**TASK DIRECTIONS:** In the material below, the lines between the one holding "Make quick work" and the one holding "姚玲为团队成员颁发荣誉证书。", inclusive, are to be set down word for word. Pictures stay out.

**MATERIAL PROVIDED:**
┌──

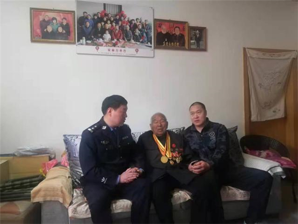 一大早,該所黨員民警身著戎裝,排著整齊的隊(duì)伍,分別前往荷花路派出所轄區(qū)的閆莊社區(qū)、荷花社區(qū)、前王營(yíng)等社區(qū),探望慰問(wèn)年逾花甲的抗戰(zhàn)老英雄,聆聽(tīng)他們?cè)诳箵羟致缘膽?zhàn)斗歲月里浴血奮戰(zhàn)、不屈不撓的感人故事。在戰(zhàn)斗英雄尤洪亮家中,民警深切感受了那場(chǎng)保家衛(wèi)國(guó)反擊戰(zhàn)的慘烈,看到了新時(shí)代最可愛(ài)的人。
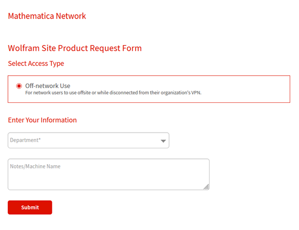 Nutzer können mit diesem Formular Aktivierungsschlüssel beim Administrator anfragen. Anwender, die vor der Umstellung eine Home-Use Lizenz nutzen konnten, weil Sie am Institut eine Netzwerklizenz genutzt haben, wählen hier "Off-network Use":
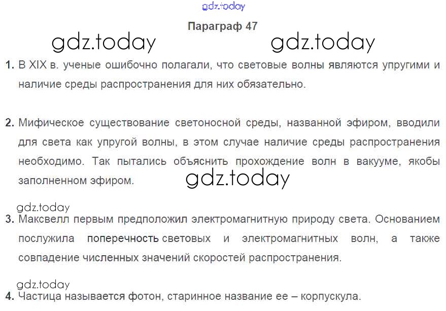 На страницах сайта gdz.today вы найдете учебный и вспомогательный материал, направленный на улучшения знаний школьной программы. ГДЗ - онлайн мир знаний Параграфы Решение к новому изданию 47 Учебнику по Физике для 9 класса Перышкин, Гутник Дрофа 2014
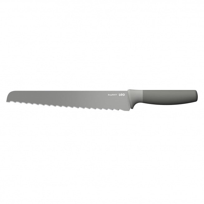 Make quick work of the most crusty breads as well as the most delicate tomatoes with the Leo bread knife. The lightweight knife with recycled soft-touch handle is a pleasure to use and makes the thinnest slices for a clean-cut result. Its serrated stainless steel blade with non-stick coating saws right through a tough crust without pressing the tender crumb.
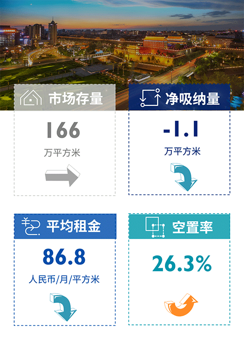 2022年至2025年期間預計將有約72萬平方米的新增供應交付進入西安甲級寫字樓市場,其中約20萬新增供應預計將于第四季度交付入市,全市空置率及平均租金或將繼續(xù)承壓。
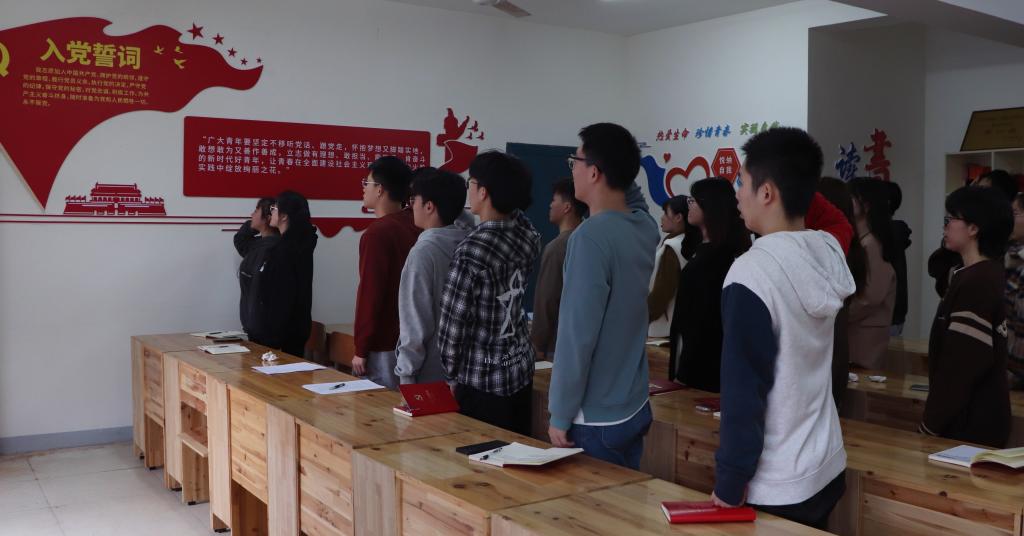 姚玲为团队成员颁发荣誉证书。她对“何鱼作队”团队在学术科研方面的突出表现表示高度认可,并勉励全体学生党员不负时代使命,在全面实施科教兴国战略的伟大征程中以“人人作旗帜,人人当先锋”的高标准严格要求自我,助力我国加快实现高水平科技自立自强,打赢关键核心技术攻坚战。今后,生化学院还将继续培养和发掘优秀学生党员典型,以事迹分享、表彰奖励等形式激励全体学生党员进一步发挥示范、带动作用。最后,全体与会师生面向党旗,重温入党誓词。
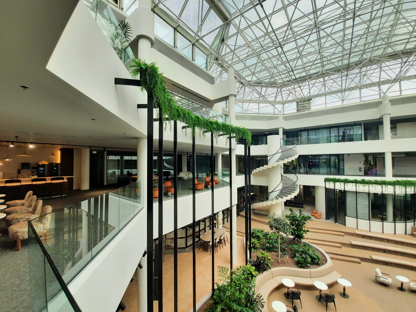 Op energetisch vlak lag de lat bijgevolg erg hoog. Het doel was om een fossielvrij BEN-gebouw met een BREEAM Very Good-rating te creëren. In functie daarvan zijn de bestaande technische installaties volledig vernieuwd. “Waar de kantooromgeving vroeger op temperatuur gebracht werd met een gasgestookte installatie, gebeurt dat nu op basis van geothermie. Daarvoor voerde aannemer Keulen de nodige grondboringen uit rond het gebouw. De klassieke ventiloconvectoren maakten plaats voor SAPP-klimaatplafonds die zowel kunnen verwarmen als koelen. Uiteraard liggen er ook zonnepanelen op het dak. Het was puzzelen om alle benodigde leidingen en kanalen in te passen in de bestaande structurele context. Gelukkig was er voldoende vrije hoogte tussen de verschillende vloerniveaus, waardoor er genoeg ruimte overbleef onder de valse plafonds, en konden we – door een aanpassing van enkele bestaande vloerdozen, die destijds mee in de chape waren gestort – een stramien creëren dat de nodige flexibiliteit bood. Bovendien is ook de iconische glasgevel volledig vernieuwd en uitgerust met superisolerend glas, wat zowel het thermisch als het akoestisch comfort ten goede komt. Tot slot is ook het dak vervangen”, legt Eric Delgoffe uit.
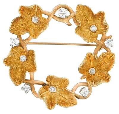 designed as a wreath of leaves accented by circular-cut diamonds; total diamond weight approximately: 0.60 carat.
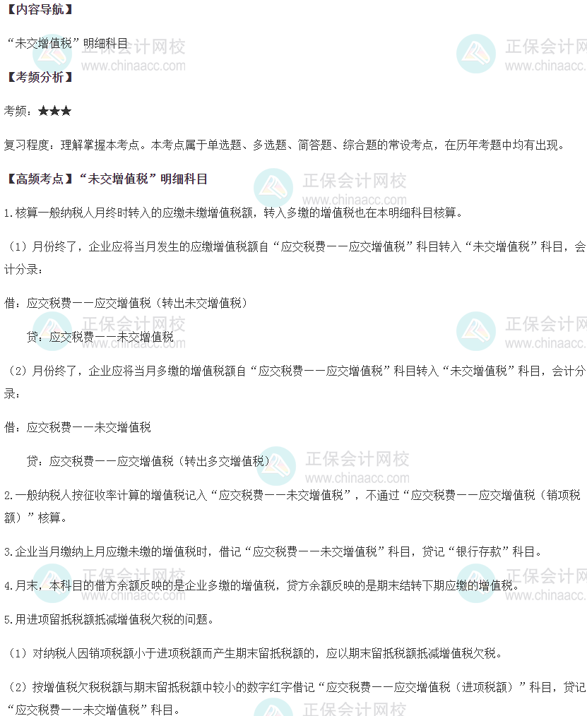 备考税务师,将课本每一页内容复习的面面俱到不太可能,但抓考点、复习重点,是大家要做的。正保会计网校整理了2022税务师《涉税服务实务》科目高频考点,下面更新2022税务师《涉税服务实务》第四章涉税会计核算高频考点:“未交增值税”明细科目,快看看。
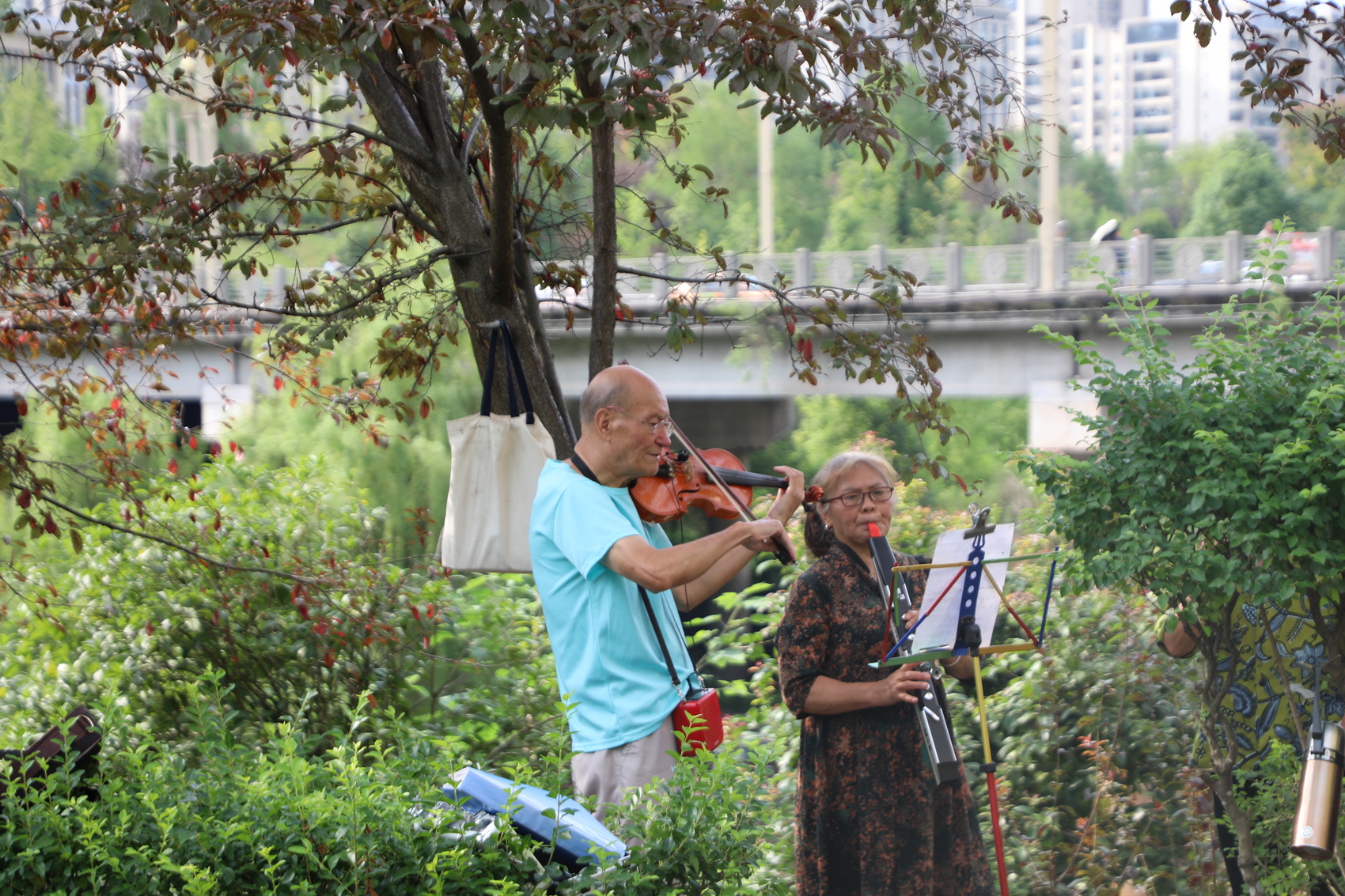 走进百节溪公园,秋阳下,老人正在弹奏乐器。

└──
┌──

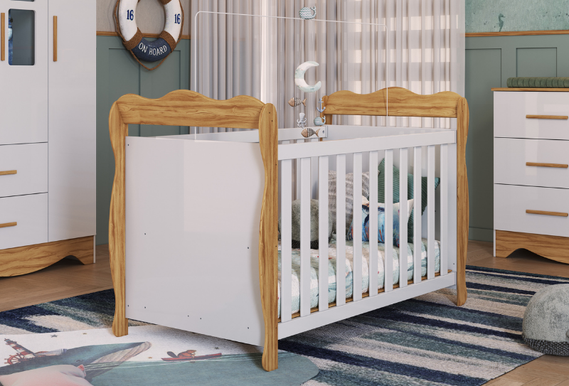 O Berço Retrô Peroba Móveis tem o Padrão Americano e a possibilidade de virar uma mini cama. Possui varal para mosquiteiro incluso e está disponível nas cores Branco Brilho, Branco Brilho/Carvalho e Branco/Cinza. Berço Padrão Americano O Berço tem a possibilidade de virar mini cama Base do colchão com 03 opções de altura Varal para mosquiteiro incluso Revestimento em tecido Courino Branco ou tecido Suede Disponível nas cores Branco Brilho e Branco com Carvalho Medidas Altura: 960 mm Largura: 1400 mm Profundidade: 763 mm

└──
┌──

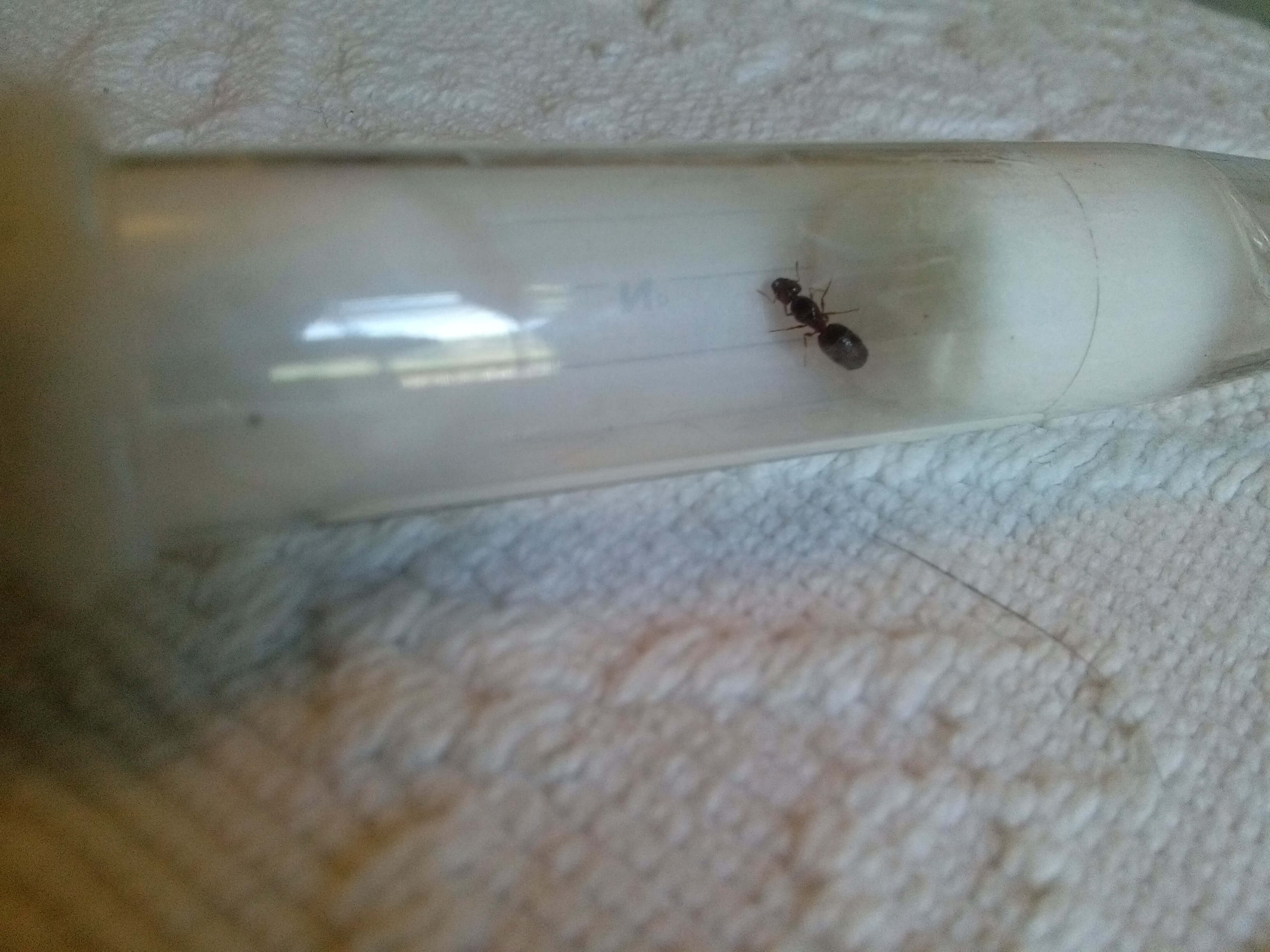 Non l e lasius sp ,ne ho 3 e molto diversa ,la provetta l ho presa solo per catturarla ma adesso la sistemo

└──

**SOLUTION:**
 Make quick work of the most crusty breads as well as the most delicate tomatoes with the Leo bread knife. The lightweight knife with recycled soft-touch handle is a pleasure to use and makes the thinnest slices for a clean-cut result. Its serrated stainless steel blade with non-stick coating saws right through a tough crust without pressing the tender crumb.
 2022年至2025年期間預計將有約72萬平方米的新增供應交付進入西安甲級寫字樓市場,其中約20萬新增供應預計將于第四季度交付入市,全市空置率及平均租金或將繼續(xù)承壓。
 姚玲为团队成员颁发荣誉证书。她对“何鱼作队”团队在学术科研方面的突出表现表示高度认可,并勉励全体学生党员不负时代使命,在全面实施科教兴国战略的伟大征程中以“人人作旗帜,人人当先锋”的高标准严格要求自我,助力我国加快实现高水平科技自立自强,打赢关键核心技术攻坚战。今后,生化学院还将继续培养和发掘优秀学生党员典型,以事迹分享、表彰奖励等形式激励全体学生党员进一步发挥示范、带动作用。最后,全体与会师生面向党旗,重温入党誓词。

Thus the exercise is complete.